(Beginning of Input data)

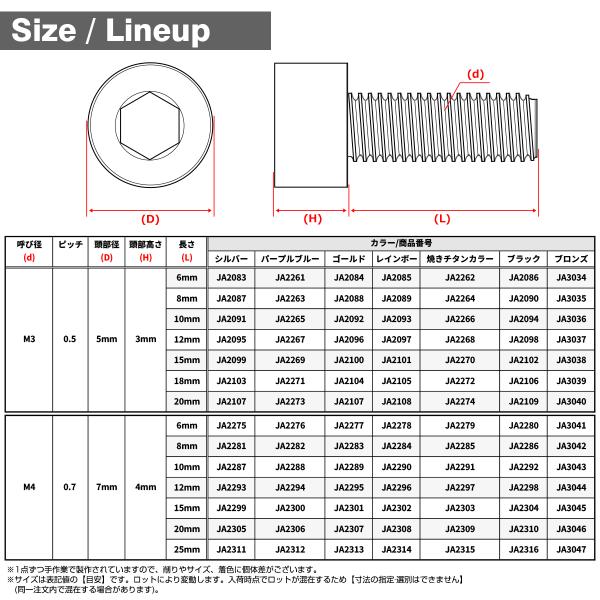 六角穴付き(サイズは画像に掲載)
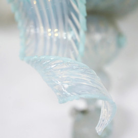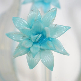 Coppia di appliques a due luci in vetro azzurro di Murano, aplicazioni floreali, cm h 18x38.
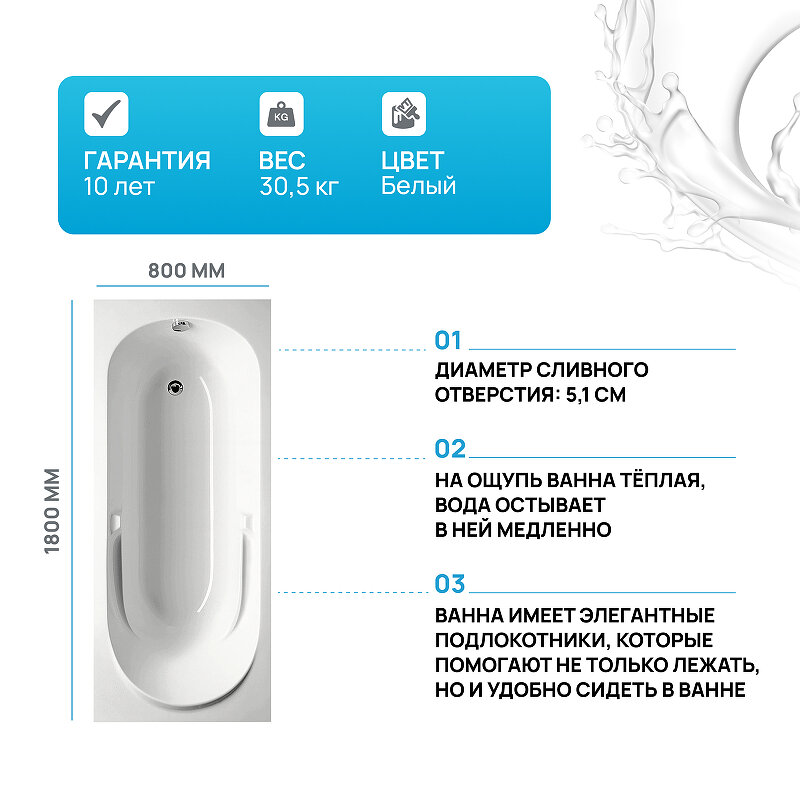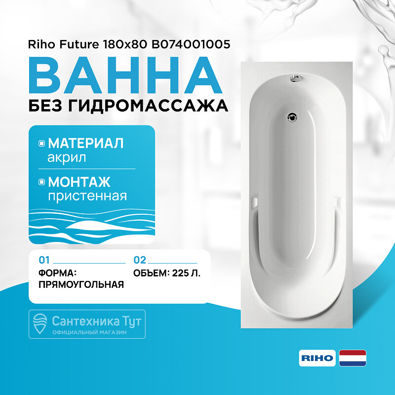 Riho Акриловая ванна Future 180 x 80 см, цвет белый, (BC3100500000000(B074001005) 31 266 ₽
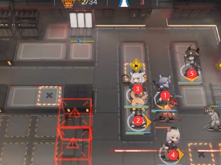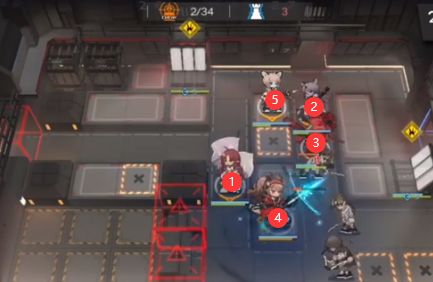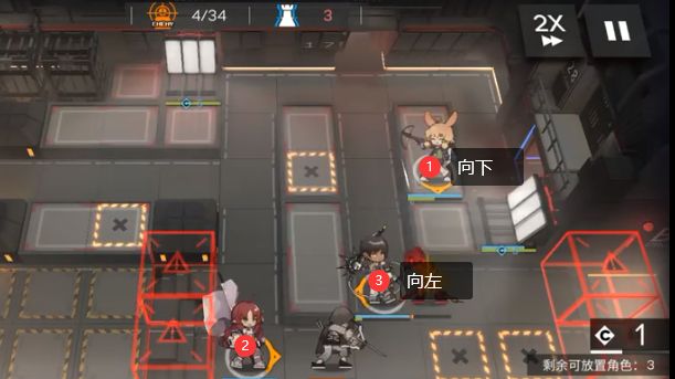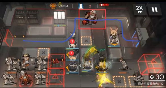 1.如下图所示,开局先锋(堵路+回费)→ 单狙(清怪)→ 群奶(回血),然后再补先锋(堵路+回费)→ 单狙(清怪)。
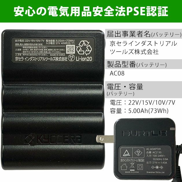 | 届出事業者名(バッテリー):京セラインダストリアルツールズ株式会社 |

(End of Input data)

Exercise description:
Everything from the line containing "1.如下图所示,开局先锋(堵路+回费)→ 单狙(清怪)→ 群奶(回血),然后再补先锋(堵路+回费)→" through the last line of the records above is to be reproduced exactly, except the pictures.

Task solution:
 1.如下图所示,开局先锋(堵路+回费)→ 单狙(清怪)→ 群奶(回血),然后再补先锋(堵路+回费)→ 单狙(清怪)。
 | 届出事業者名(バッテリー):京セラインダストリアルツールズ株式会社 |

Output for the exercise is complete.